In the past decade, state anti-bullying and hazing legislation has focused primarily on bullying and hazing in schools. However, bullying does not merely occur between children on the playground. The recent Miami Dolphins scandal illustrates the growing concern over bullying in the workplace and provides lessons for employers to protect themselves from the legal risks of bullying in the workplace.


Jonathan Martin, a 6-foot-5, 312 pound offensive lineman for the Miami Dolphins, walked away from his National Football League (NFL) job amid reports that his fellow teammate, Richie Incognito, allegedly bullied and harassed Martin on multiple occasions. The allegations include a reported voicemail where Incognito used racial slurs and threatened Martin, Incognito forced Martin to pay $15,000 for a Las Vegas party that he did not attend, and that certain coaches told Incognito to “toughen up” Martin.


The media spotlight that ensued following Martin’s leave sheds light on a common problem for many employers – many American employees experience workplace bullying at some point or another in their career. Employers can face lawsuits related to bullying under Title VII if the harassment is based on a protected class, such as race, religion, or disability. Claims can be made for harassment, intentional infliction of emotional distress, and negligent supervision.


Many states have considered workplace anti-bullying legislation to let employees sue for workplace harassment without proving that the harassment is based on a protected class.  Since 2003, 25 states have introduced the anti-bullying Healthy Workplace Bill (HWB), but none of those states have enacted a law yet.  Idaho is one of nine states that have not introduced the HWB yet.  The current national focus on bullying suggests that it is only a matter of time before employers will have to be prepared to deal with such workplace anti-bullying laws. So, what should employers do to avoid harassment claims and stay ahead of the curve?
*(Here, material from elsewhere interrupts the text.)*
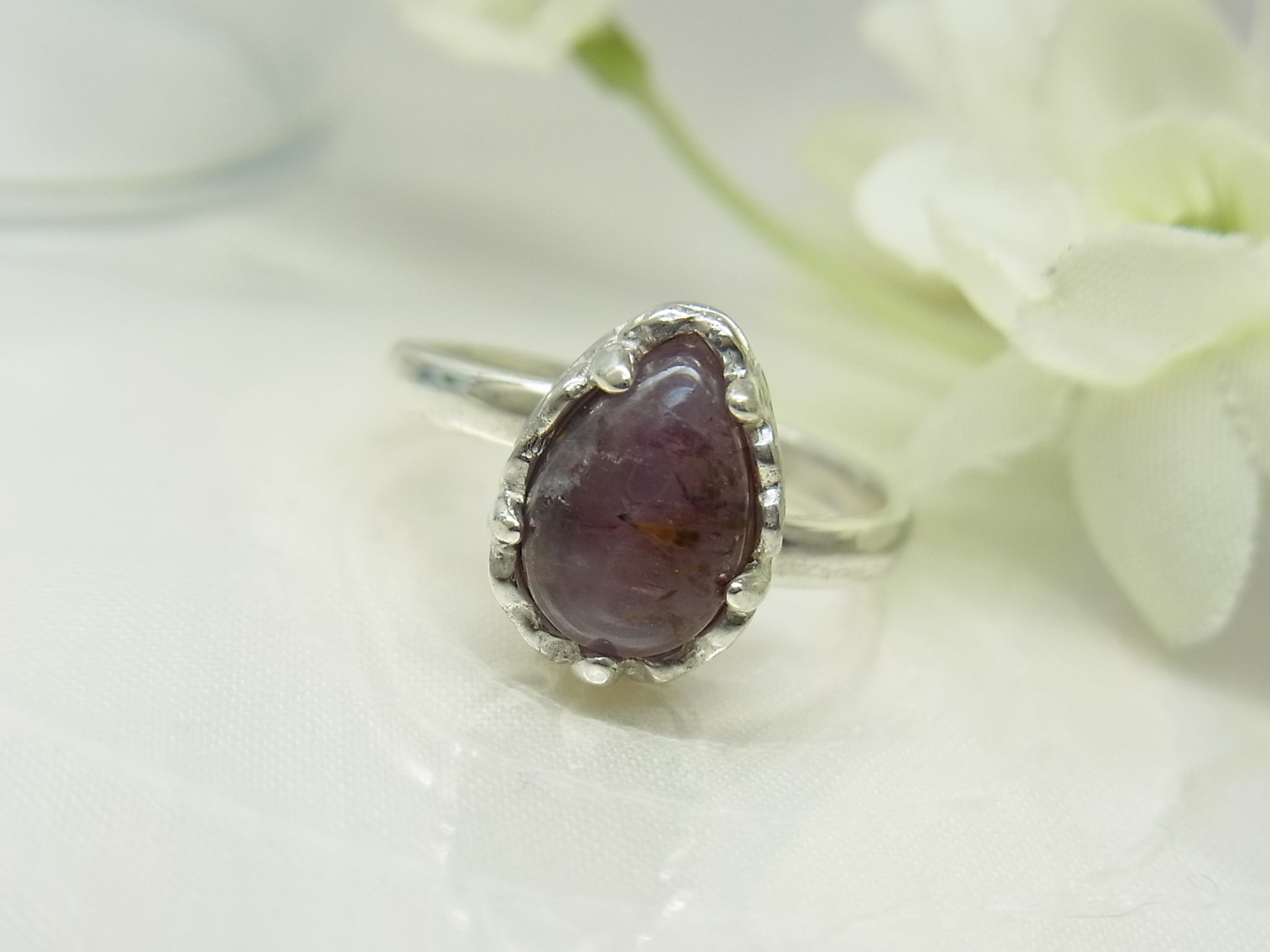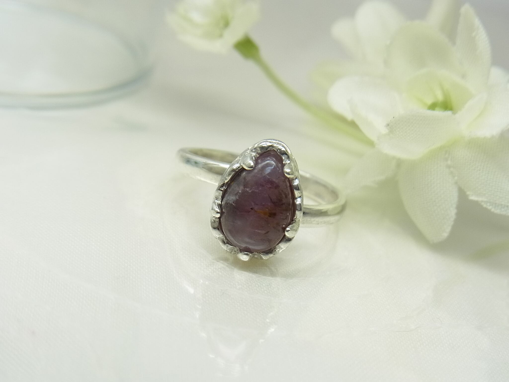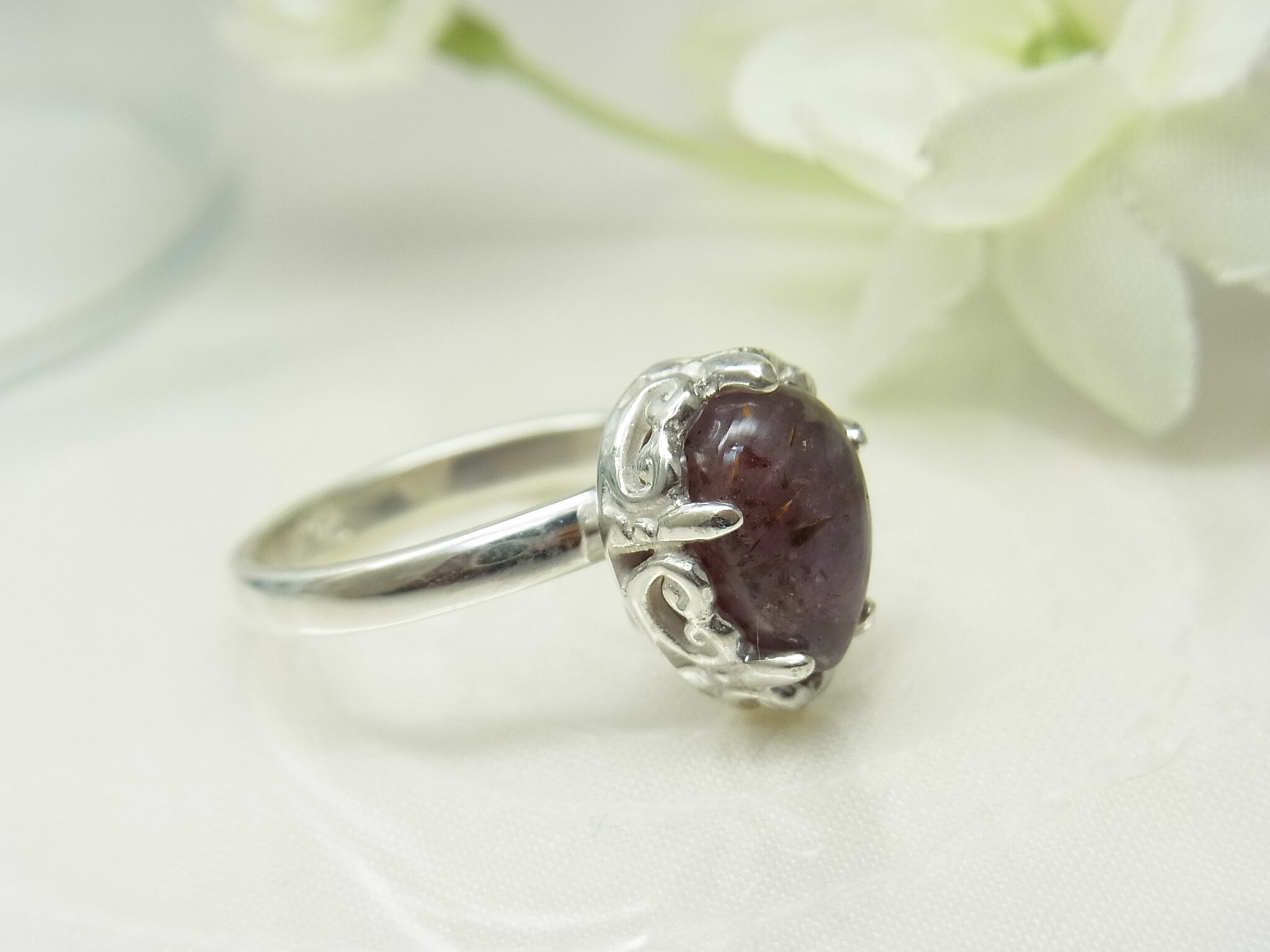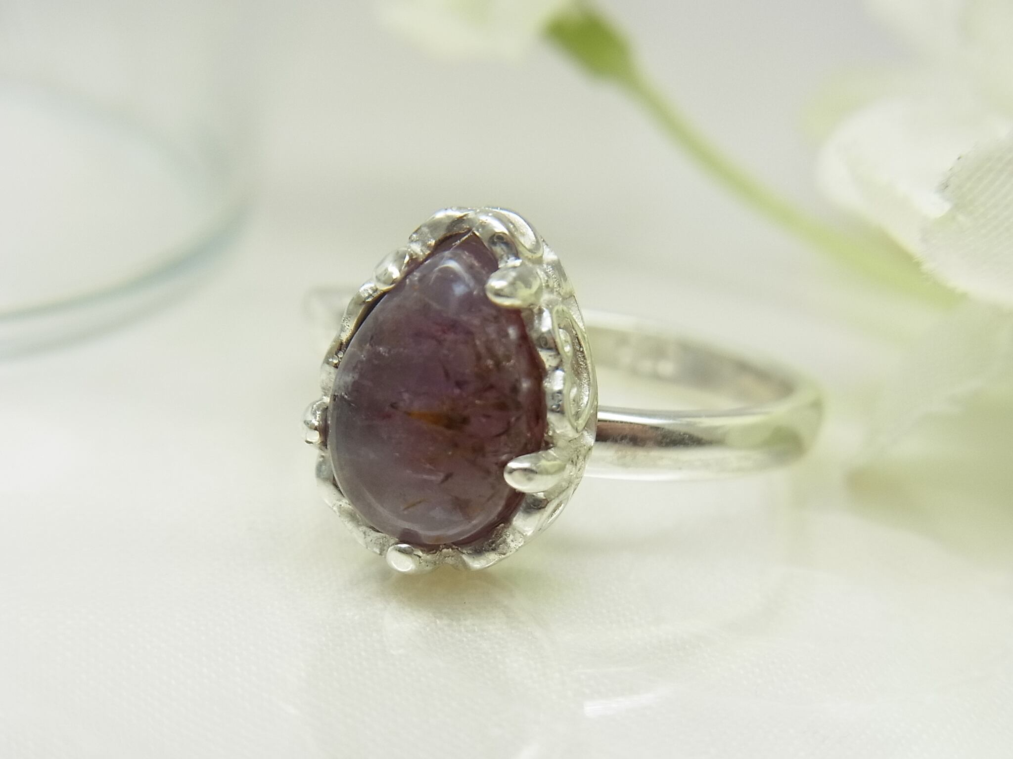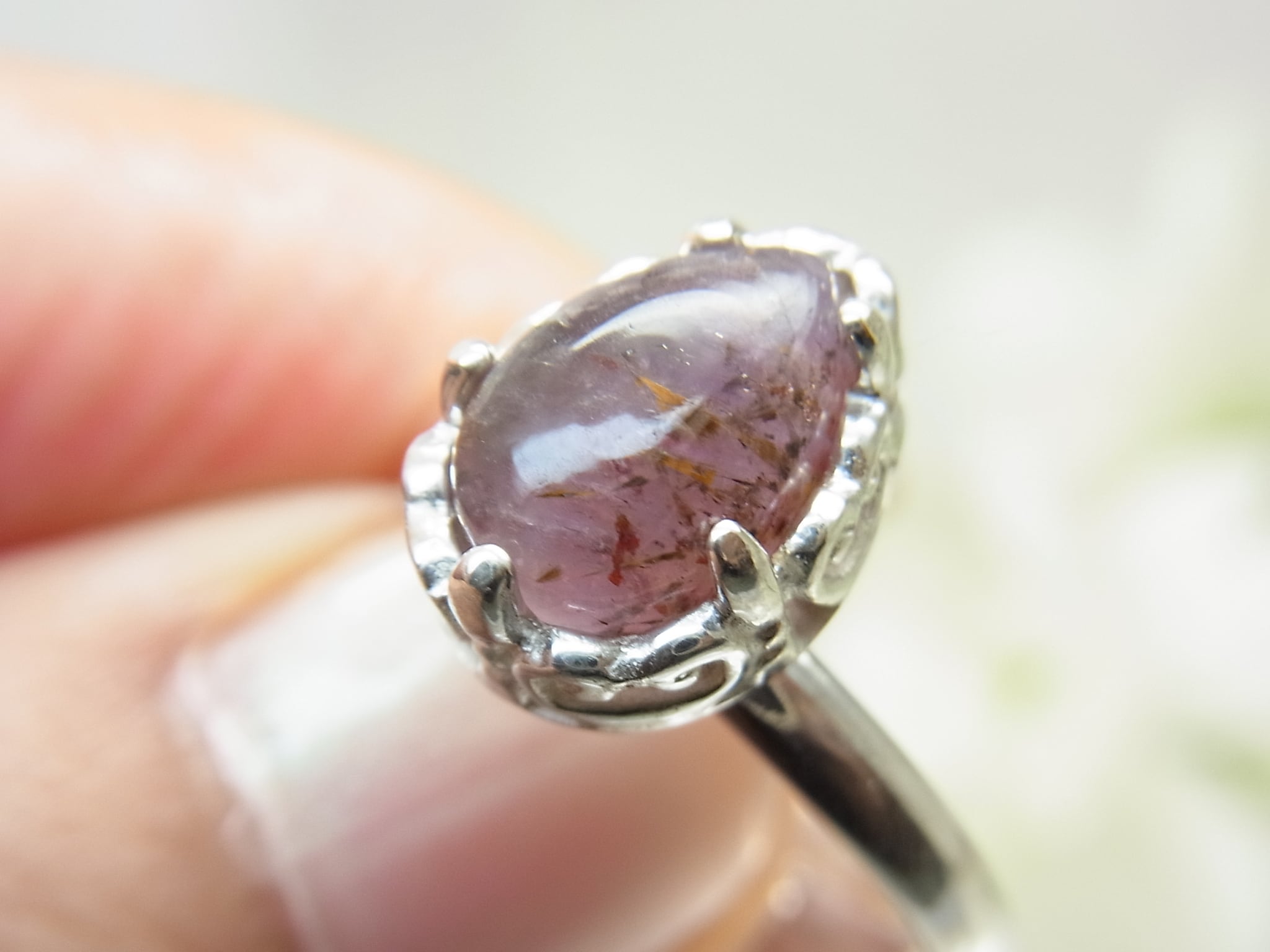 #カコクセナイトインアメジスト #エレスチャルクォーツ #スターリングシルバー #シルバー925 #バリシルバー #Balisilver #リング #指輪 #レース #南国 #大人可愛い #フェミニン #パープル #レッド #オリジナルデザイン #お洒落 #天然石リング #天然石アクセサリー #プレゼント #LarimarMJ #ねこの夢
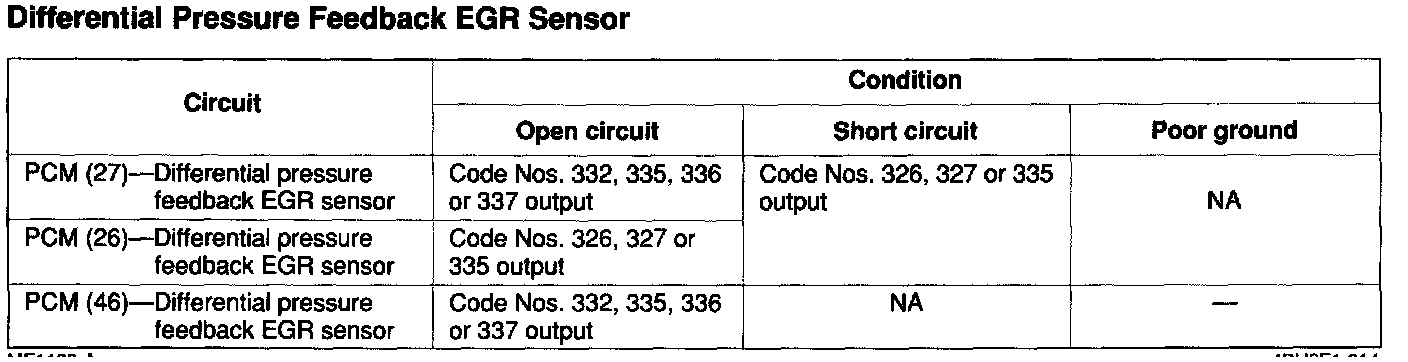 If the differential pressure feedback EGR sensor or circuit has an open or short, Diagnostic Trouble Code No. 326, 327, 332, 335, 336 or 337 is output.

  • Institute Anti-Bullying Policies & Process for Handling Complaints – Employers should expand on existing written harassment and non-retaliation policies to cover a broader range of conduct, including but not limited to: insults, spreading of rumors, unwarranted criticism, exclusion from meetings or other workplace activities, pranks, and unreasonable work demands. Such policies should also clearly define internal reporting procedures and outline disciplinary action for violations of the policy. Employers should respond not only to formal complaints about alleged misconduct but also informal complaints.
  • Conduct Regular Workplace Anti-Bullying Training – To help ensure early detection and prevention, employers should also provide regular anti-bullying training workshops to employees and management. The trainings should include examples of inappropriate behavior, interactive training, such as mock scenarios to promote correct behavior or videos and PowerPoint presentations. It is also important to train management so they know how to properly handle any complaints they receive.
  • Provide Support Services – A support network for employees who may be the victim of bullying may also be very beneficial to employers. Support services provide an employee with counseling, or other wellness programs, and allow the employer to prevent certain conduct and address inappropriate behavior.
  • By implementing anti-bullying policies and programs, employers can hopefully avoid the expense of a lawsuit and the decline in employee moral that is often associated with bullying in the workplace. Employers should take the opportunity to learn from the nationally publicized alleged bullying of Jonathan Martin and have procedures in place to prevent such conduct in order to avoid the backlash that plagued the Miami Dolphins locker room.